• [Task objective]:
Reproduce the listing exactly. Omit pictures.

• [Dataset content]:
○ ○ ○ ○

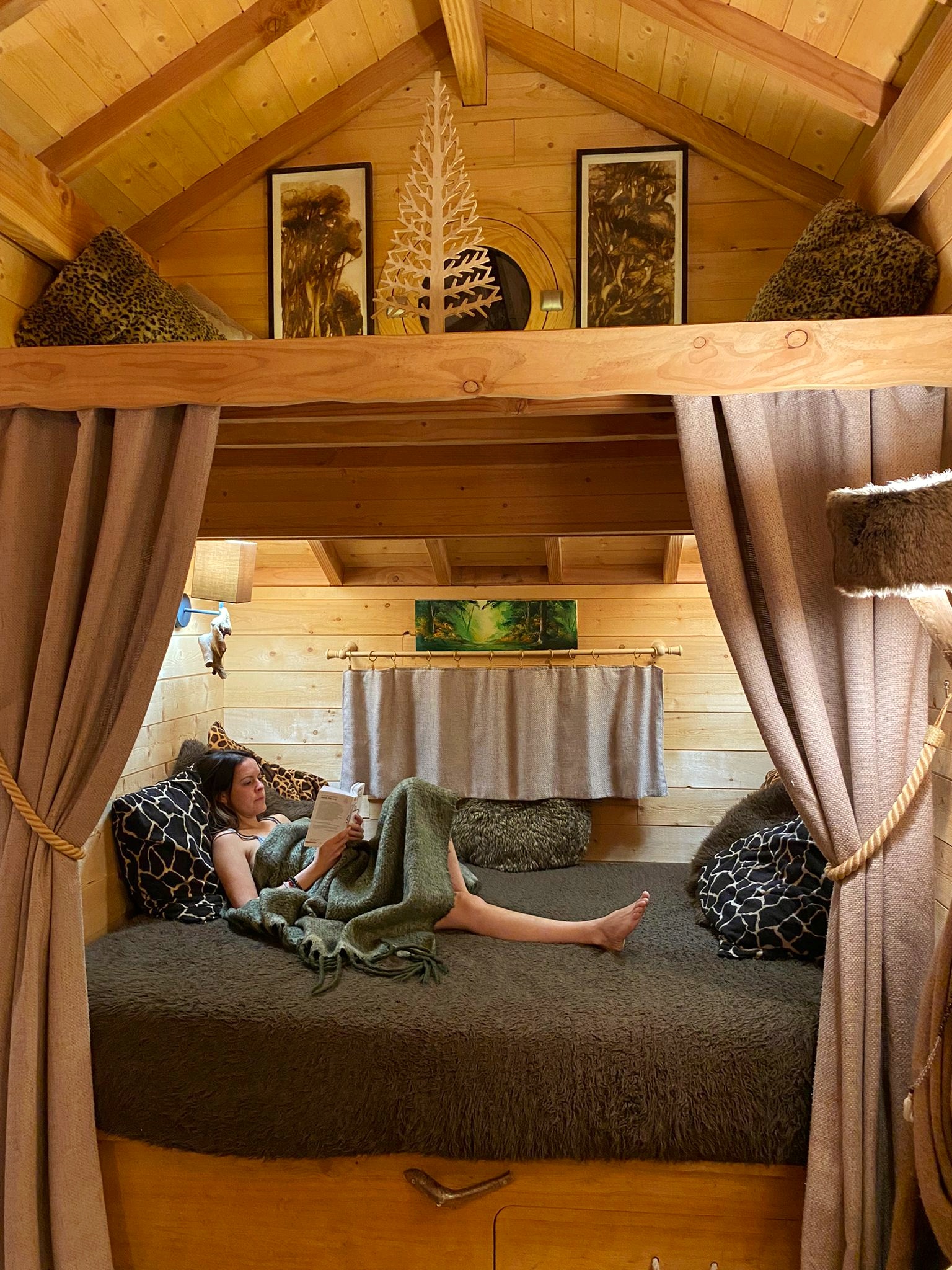 Les équipements à l’intérieur : cuisine entièrement équipée pour cuisiner et avec les condiments minimums, toilettes sèches, le nécessaire pour se laver (savon, shampoing, serviettes…) et bien-sûr la literie est fournie et les lits sont faits. Chaque cabane dispose également de jeux de société et de jeux extérieurs.
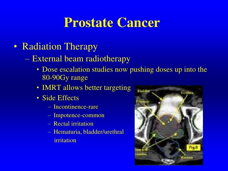 Trock, ph.d., associate professor of urology, epidemiology, oncology, and environmental health studies, and director of the division of epidemiology in the brady. Radiation proctitis is a very common inflammation of the rectum that occurs as a result of the radiation treatment of prostate cancer where. Side effects of radiation therapy compared to earlier radiation methods, these modern techniques reduce the chance of urinary and bowel problems.
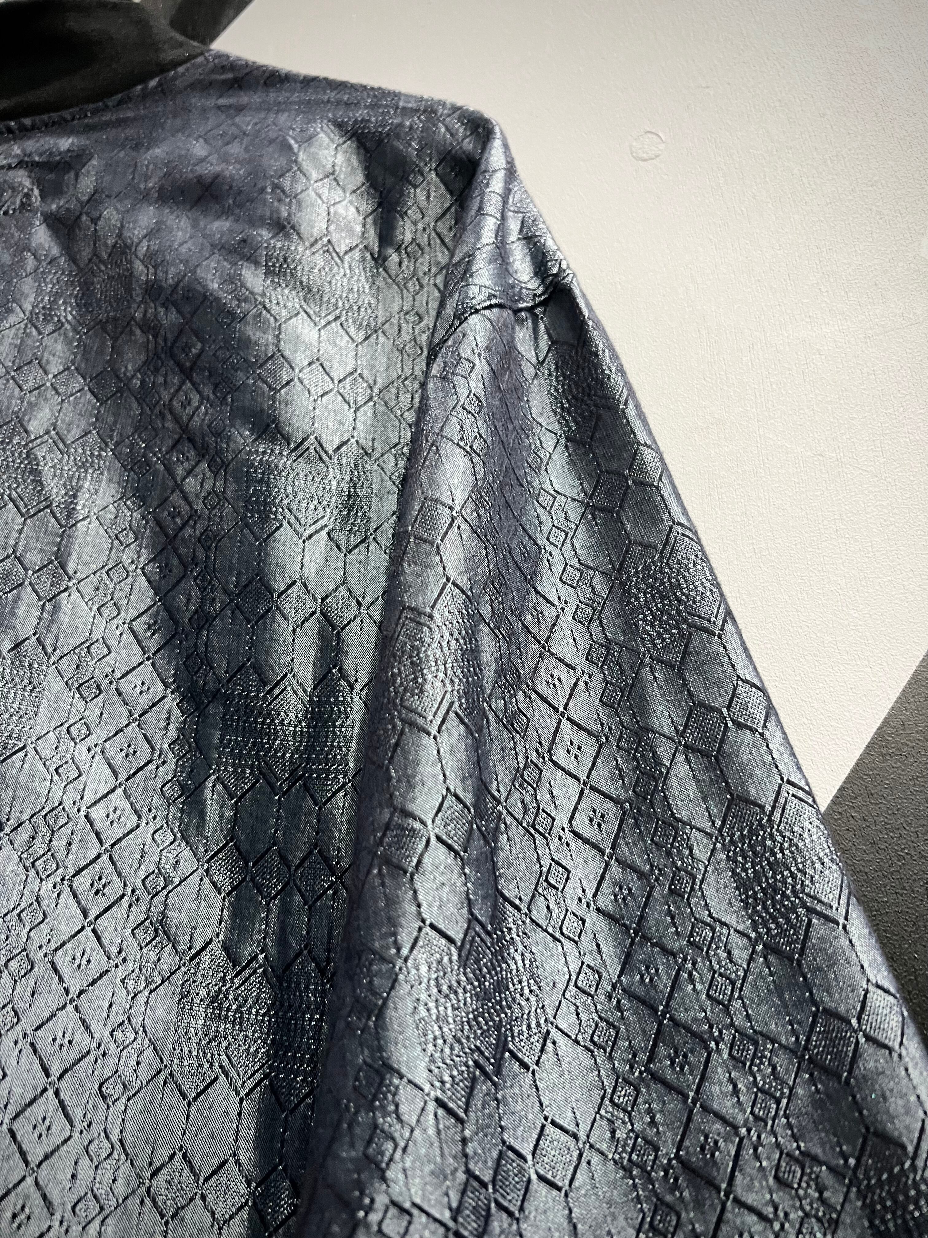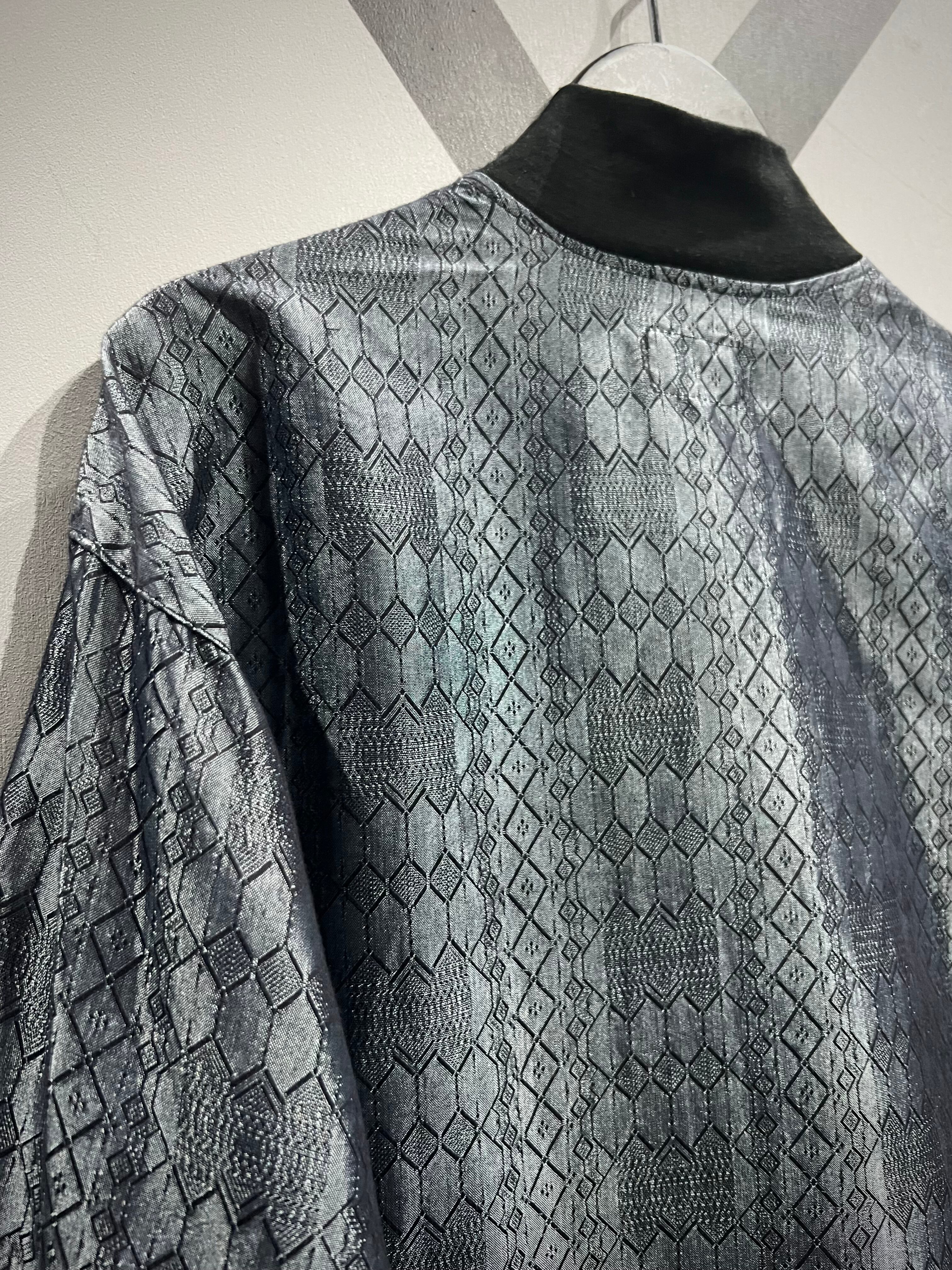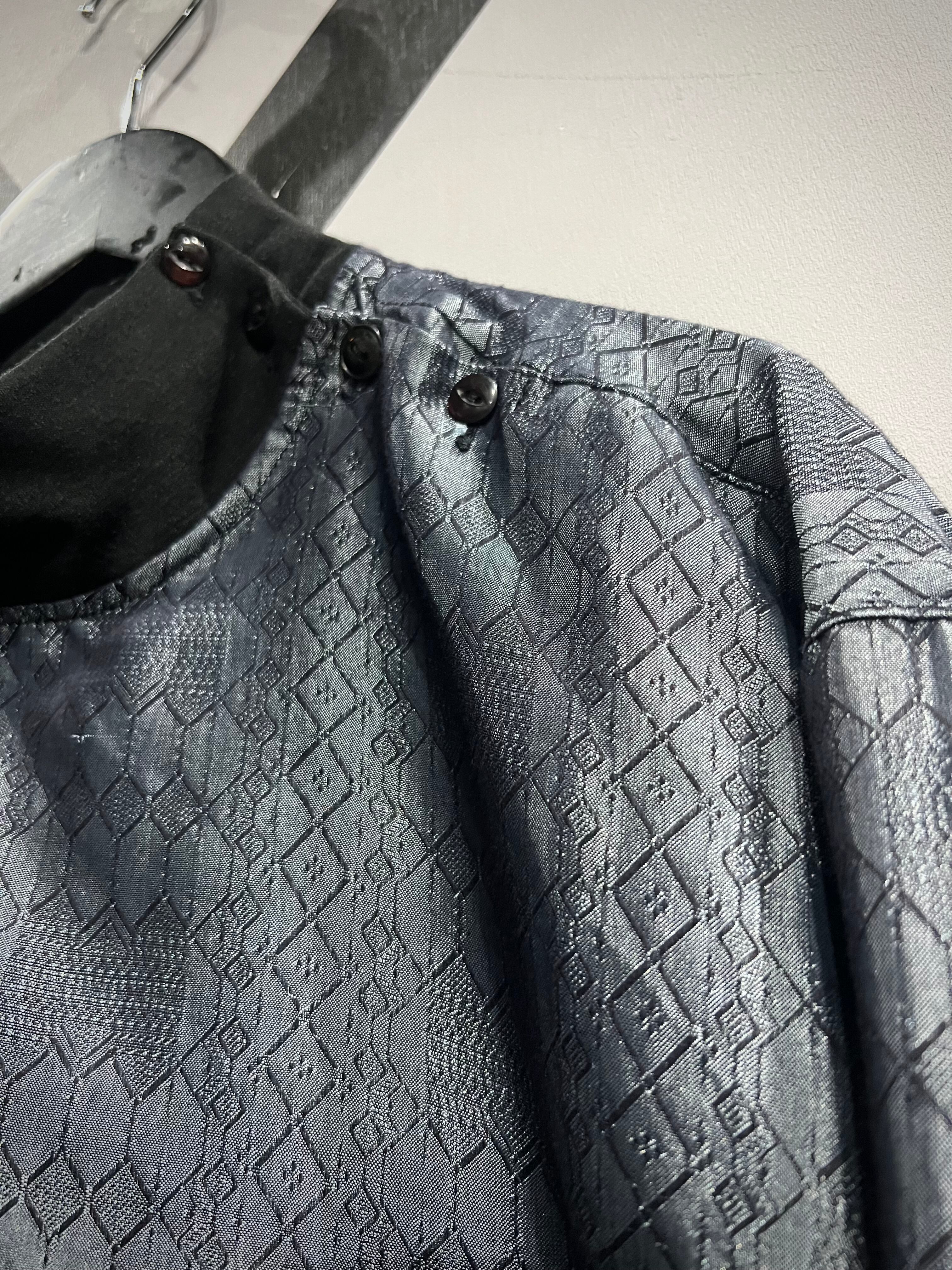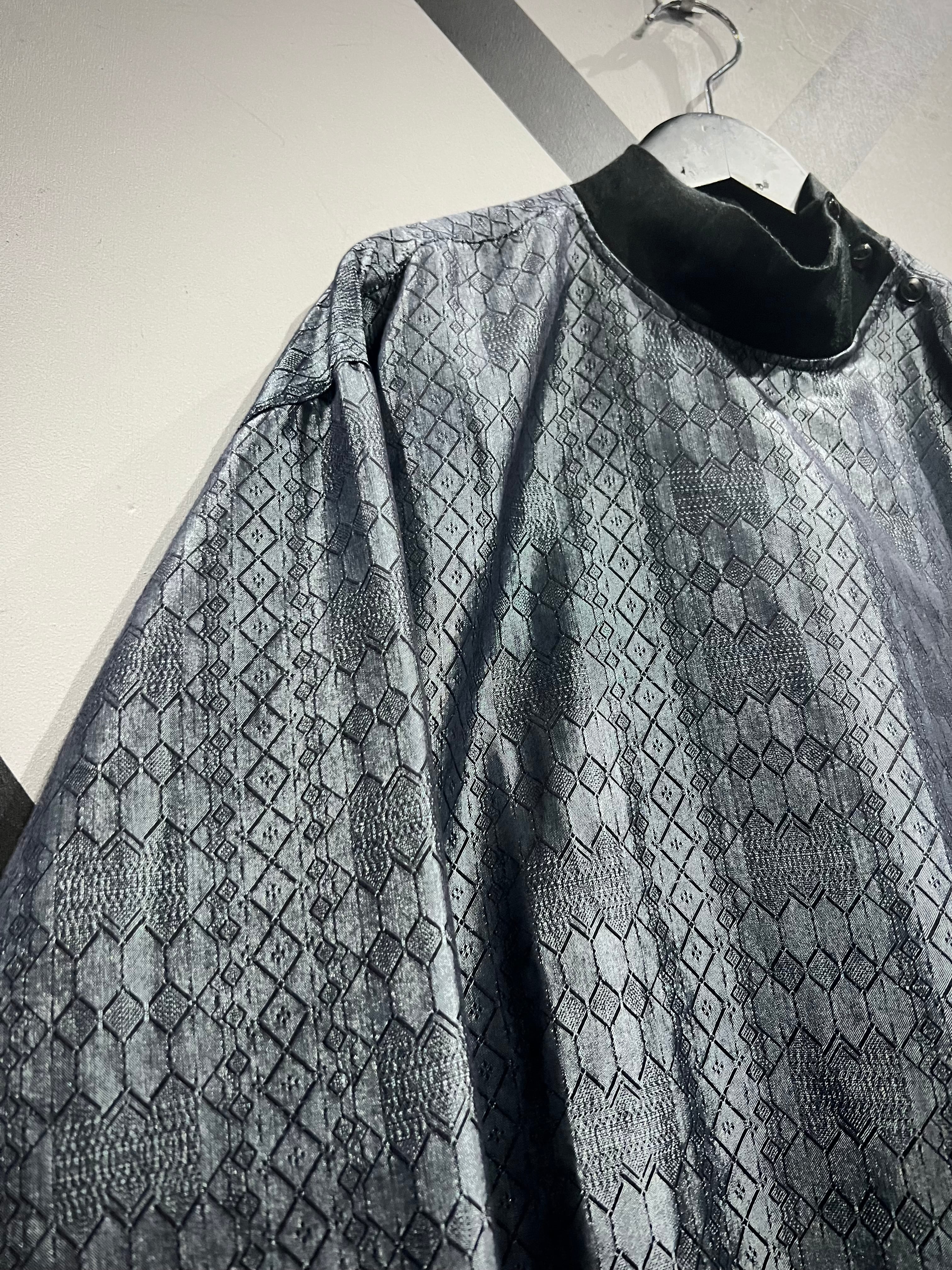 ソリッドな光沢に幾何学柄を掛け合わせた事でモードな雰囲気を漂わせる仕上がり。今季メタリックやグリッターノリは超気分、めちゃくちゃイケてます、、、ネック部分のボタンもデザインのアクセントに。

○ ○ ○ ○

• [Output below]:
 Les équipements à l’intérieur : cuisine entièrement équipée pour cuisiner et avec les condiments minimums, toilettes sèches, le nécessaire pour se laver (savon, shampoing, serviettes…) et bien-sûr la literie est fournie et les lits sont faits. Chaque cabane dispose également de jeux de société et de jeux extérieurs.
 Trock, ph.d., associate professor of urology, epidemiology, oncology, and environmental health studies, and director of the division of epidemiology in the brady. Radiation proctitis is a very common inflammation of the rectum that occurs as a result of the radiation treatment of prostate cancer where. Side effects of radiation therapy compared to earlier radiation methods, these modern techniques reduce the chance of urinary and bowel problems.
 ソリッドな光沢に幾何学柄を掛け合わせた事でモードな雰囲気を漂わせる仕上がり。今季メタリックやグリッターノリは超気分、めちゃくちゃイケてます、、、ネック部分のボタンもデザインのアクセントに。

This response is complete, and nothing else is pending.